Sunday, November 20, 2011

The American Rule (with respect to recovery of legal fees) given effect

   
Dallas Court of Appeals applies the American Rule in Trespass to Try Title Suit - rejects claim for recovery of legal fees under an equitable exception theory.   

The American Rule has been a part of Texas jurisprudence for over 100 years. See Akin, Gump, 299 S.W.3d at 120 (tracing the Rule's roots in Texas jurisprudence to 1896). Moreover, the supreme court has stated that “[a]bsent a contract or statute, trial courts do not have inherent authority to require a losing party to pay the prevailing party's fees.” Tony Gullo Motors I, L.P. v. Chapa, 212 S.W.3d 299, 311 (Tex. 2006) (emphasis added).

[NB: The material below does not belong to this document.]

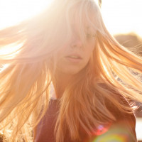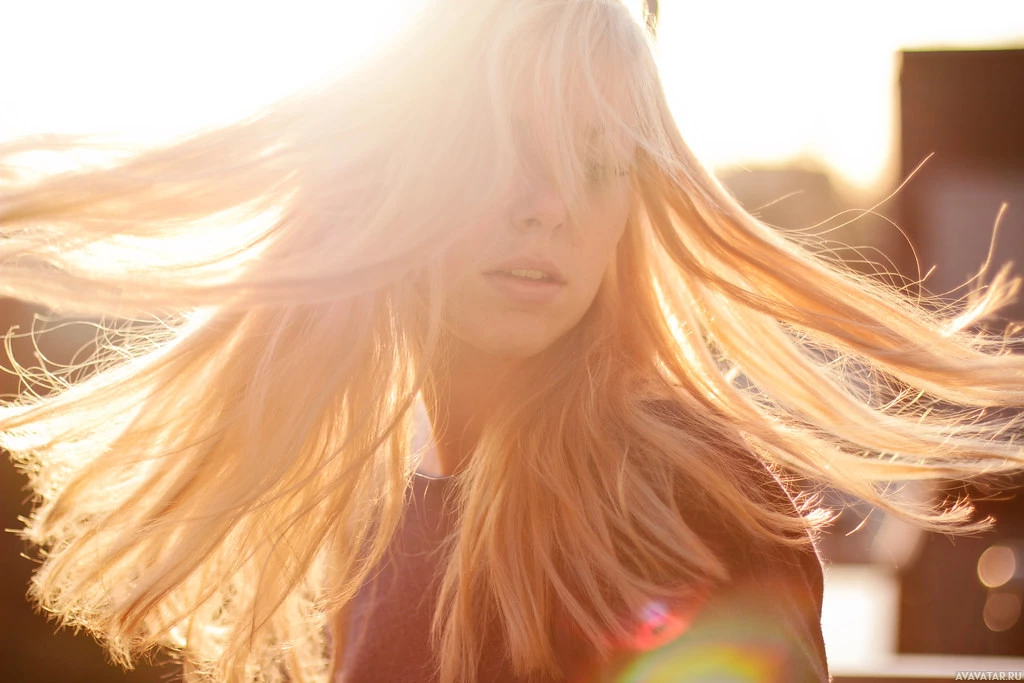 a blonde woman with her hair blowing in the wind, suggesting it might be during sunset or sunrise due to the warm, golden light. She appears to be walking away from the viewer and is wearing some

Texas's only equitable exception to the American Rule that we are aware of is the common-fund doctrine, see generally Allstate Ins. Co. v. Edminster, 224 S.W.3d 456, 457-58 (Tex. App.-Dallas 2007, no pet.) (applying common-fund doctrine), which Neumann acknowledges is not applicable to this case. Given the supreme court's faithful adherence to the American Rule, and its strong statement in Tony Gullo that trial courts lack the inherent authority to award attorney's fees contrary to the Rule, we decline to adopt a new equitable exception to the Rule. Cf. Martin v. Clinical Pathology Labs., Inc., 343 S.W.3d 885, 892 (Tex. App.-Dallas 2011, pet. filed) (stating that Texas Supreme Court rather than intermediate court of appeals was proper tribunal to consider exceptions to state's strong employment-at-will doctrine).
   
Texas has long followed the American Rule, under which attorney's fees paid to prosecute or defend a lawsuit cannot be recovered in that suit absent a statute or contract that allows for their recovery. Akin, Gump, Strauss, Hauer & Feld, L.L.P. v. Nat'l Dev. & Research Corp., 299 S.W.3d 106, 120 (Tex. 2009). There is a statutory scheme in place to govern trespass-to-try-title claims, see generally Tex. Prop. Code Ann. §§ 22.001-.045 (West. 2000), but it contains no provision authorizing a party to recover attorney's fees from the opposing side. We have held that the plaintiff in a trespass-to-try-title suit cannot recover attorney's fees. McAnally v. Friends of WCC, Inc., 113 S.W.3d 875, 881 (Tex. App.-Dallas 2003, no pet.); see also Barfield v. Holland, 844 S.W.2d 759, 771 (Tex. App.-Tyler 1992, writ denied) (trespass-to-try-title plaintiff could not recover attorney's fees by characterizing claim as one under Declaratory Judgments Act).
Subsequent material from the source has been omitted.